The Consumer Product Safety Improvement Act of 2008 increases the maximum penalty to $15 million for a person who knowingly “manufactures for sale, offers for sale, distributes in commerce, or imports into the United States any consumer product that is not in conformity with an applicable consumer product safety standard.” Perhaps it is time for those buying and installing these products to reconsider their actions. And if they try to push liability back to a manufacturer across the globe, they will have little luck getting the support they need. (Information on the Act can be found at www.cspc.gov/about/cpsia/cpsia.html)
Three red flags
For a long time, members of our industry have driven home the point that the physical infrastructure represents a small percentage of an overall network implementation. As such, the amount of money that can be saved with inferior products simply is not worth the risk. Fortunately, end users can look for three specific red flags that indicate they may be considering inferior products:
“No-name” or private-label products. If the products being provided are not associated with a well-known industry manufacturer, beware. It's important to ask who the manufacturer is and where the components are produced. That's true even if it is a private-label product that carries the name of the installation company. If the response to your question about who manufactures the product is an elusive one, it could be an indication that the components are from an unreliable source.
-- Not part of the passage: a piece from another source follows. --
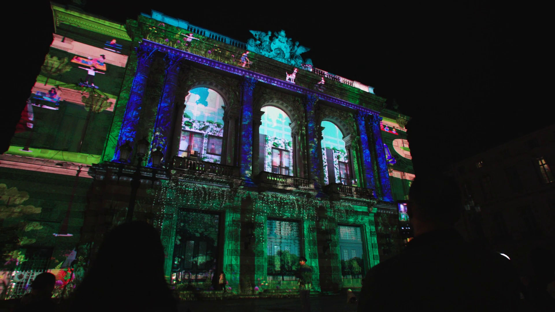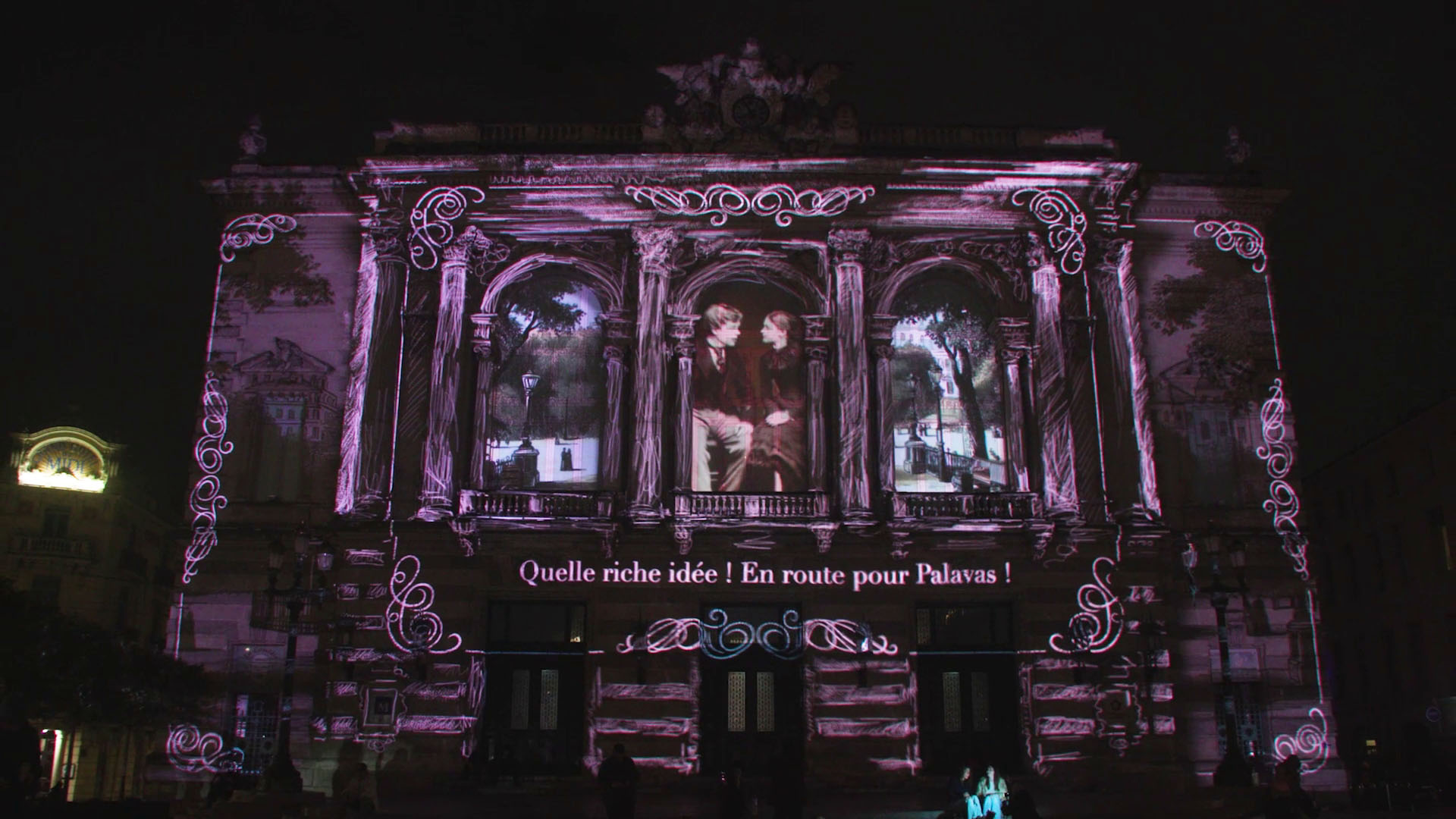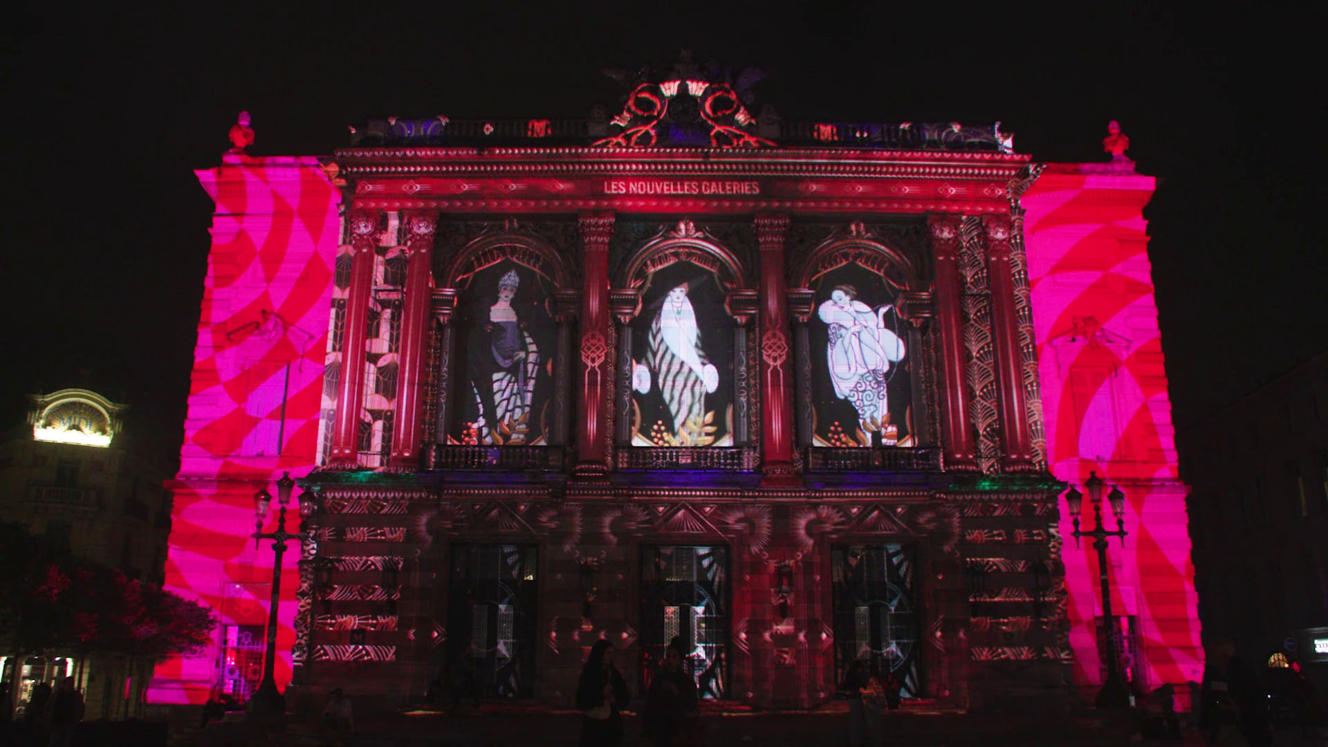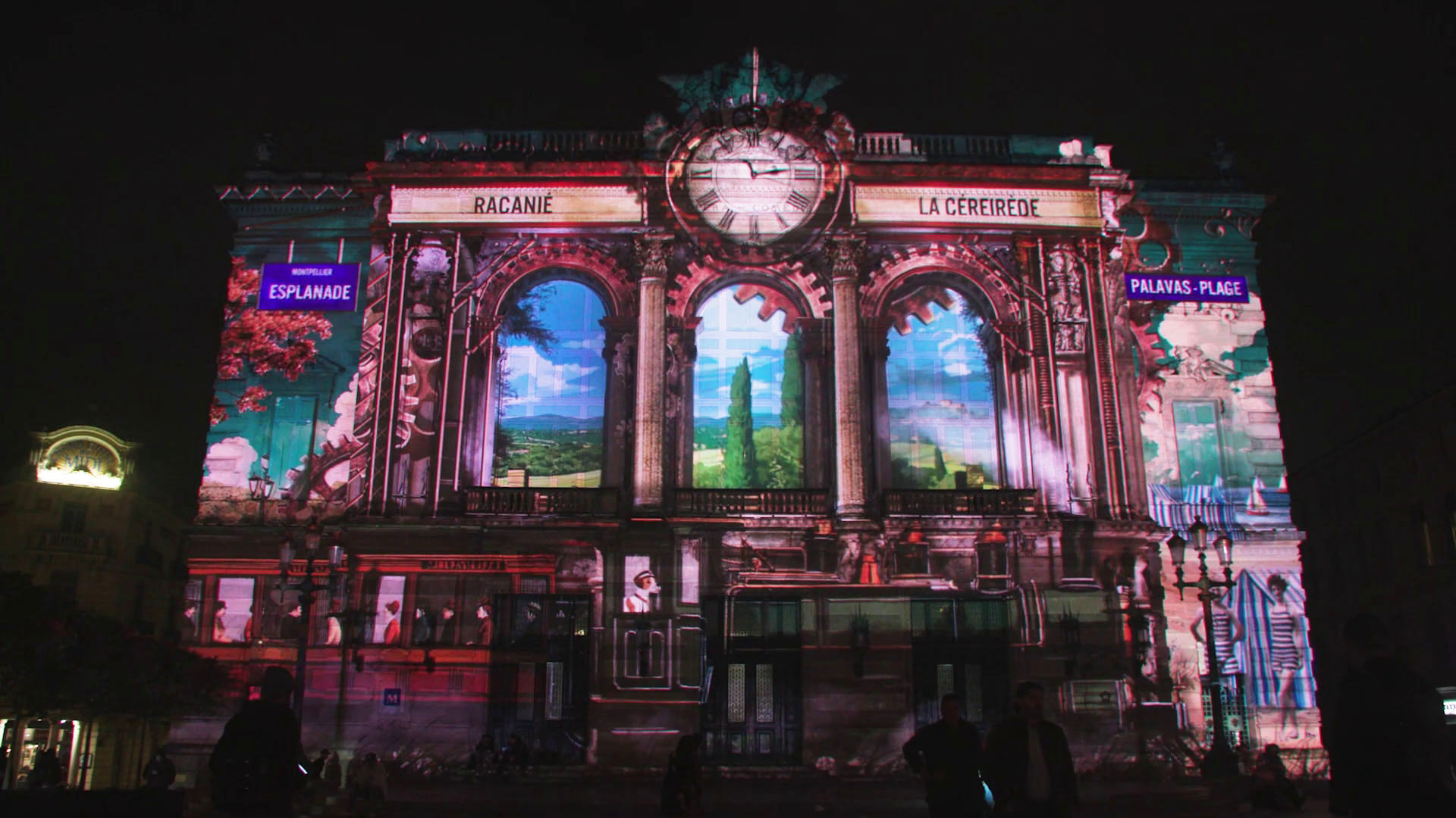 À travers un vidéo mapping dynamique et haut en couleurs, l’Opéra Comédie a été revisité par l’artiste Leslie Epsztein, au fil des époques et des diverses influences culturelles.

Short-term installer warranty. A warranty is only as good as the company providing it. If you're offered a 1- to 5-year warranty from a distributor or installer, that could also be a red flag. Solid, reputable manufacturers that have been in the business for several years typically offer 25-year warranties. If the only warranty you have comes from an installer, you could be in danger of having no warranty at all if that installer goes out of business.
Verify testing and certification. When purchasing products, make sure you ask for ETL and/or UL testing results and certifications, then be sure to verify the information provided. You should even set up several test links and channels and do some field testing before you choose a solution. If products fail or barely pass these test links and channels, it could be another red flag.
While many reputable manufacturers are working toward solutions to this problem, there is much more they could do. Many are aware that their own certified installers are installing inferior products, and possibly even using their certification to get a foot in the door. Some of these installers have a significant footprint, with the buying power to significantly impact the industry.
“This is something that has been brought to our attention, and we are certainly addressing it by educating our customers and installers,” concludes CommScope's Wessels. “There are ways to apply pressure. We believe there is more strength in coming together as an industry to address the problem rather than trying to take care of the situation as an individual company.”
Many reputable manufacturers don't yet seem willing to take drastic measures, but perhaps it is time for them to consider stripping those who install inferior products of their certification and incentive programs. If they don't, the situation could get worse.
RICK SOUSA, RCDD, is chief executive officer and principal owner of XZact Technologies Inc. (www.xtcorp.com), which provides planning, design, installation, certification, and maintenance services for communications networks.